** Records to process **
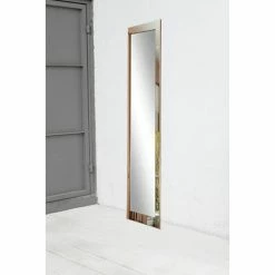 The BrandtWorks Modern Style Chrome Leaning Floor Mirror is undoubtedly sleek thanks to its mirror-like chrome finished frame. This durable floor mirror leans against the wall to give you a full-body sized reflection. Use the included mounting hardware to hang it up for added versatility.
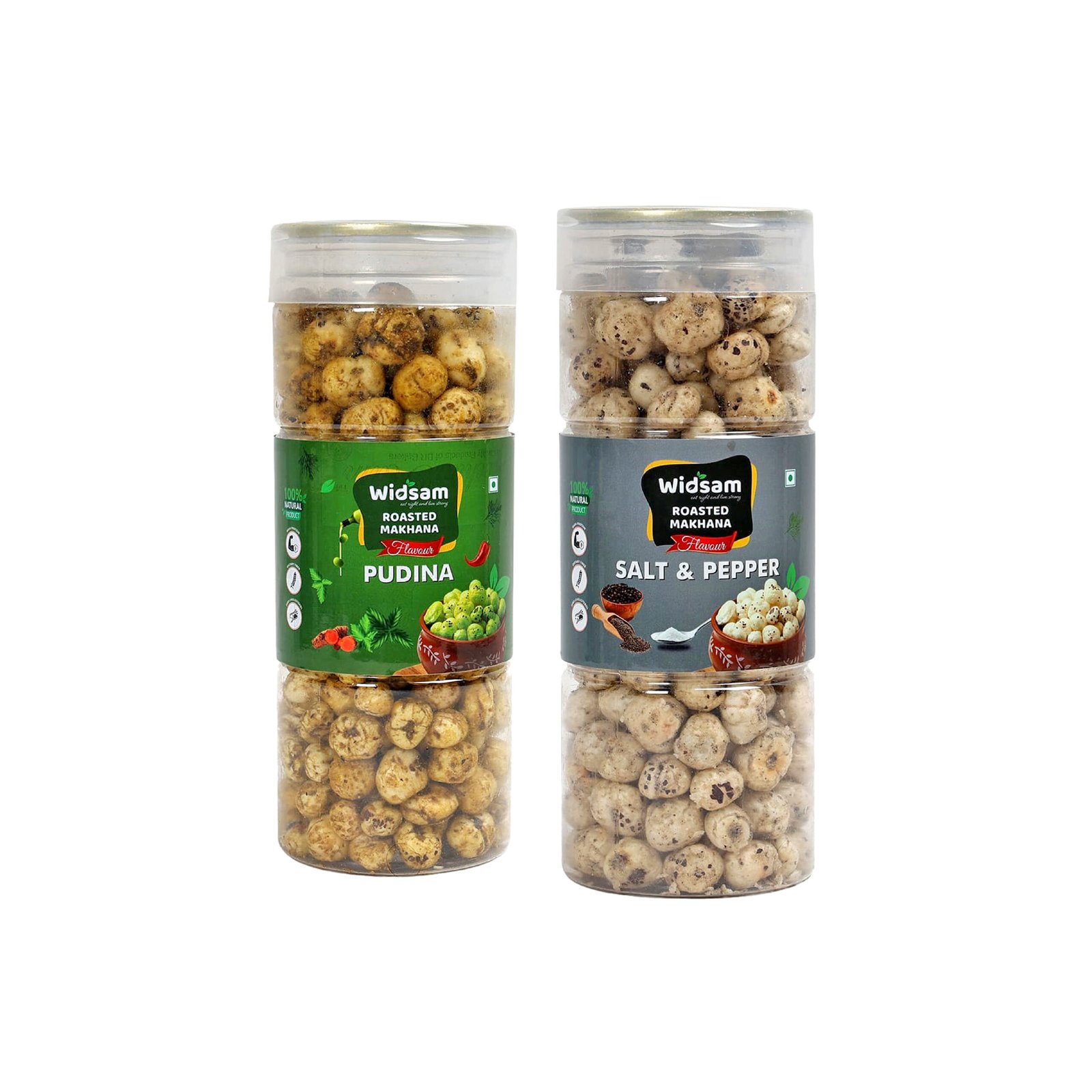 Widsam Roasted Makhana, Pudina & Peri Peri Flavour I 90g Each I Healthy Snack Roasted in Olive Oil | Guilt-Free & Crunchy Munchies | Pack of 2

---

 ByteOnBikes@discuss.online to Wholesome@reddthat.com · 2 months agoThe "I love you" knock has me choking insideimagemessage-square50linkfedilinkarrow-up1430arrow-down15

** What you have to do **
Transcribe the lines above exactly, beginning at the one with "The BrandtWorks Modern" and ending at the one with "Widsam Roasted Makhana, Pudina". Include both; exclude the pictures.

** Solution to the exercise **
 The BrandtWorks Modern Style Chrome Leaning Floor Mirror is undoubtedly sleek thanks to its mirror-like chrome finished frame. This durable floor mirror leans against the wall to give you a full-body sized reflection. Use the included mounting hardware to hang it up for added versatility.
 Widsam Roasted Makhana, Pudina & Peri Peri Flavour I 90g Each I Healthy Snack Roasted in Olive Oil | Guilt-Free & Crunchy Munchies | Pack of 2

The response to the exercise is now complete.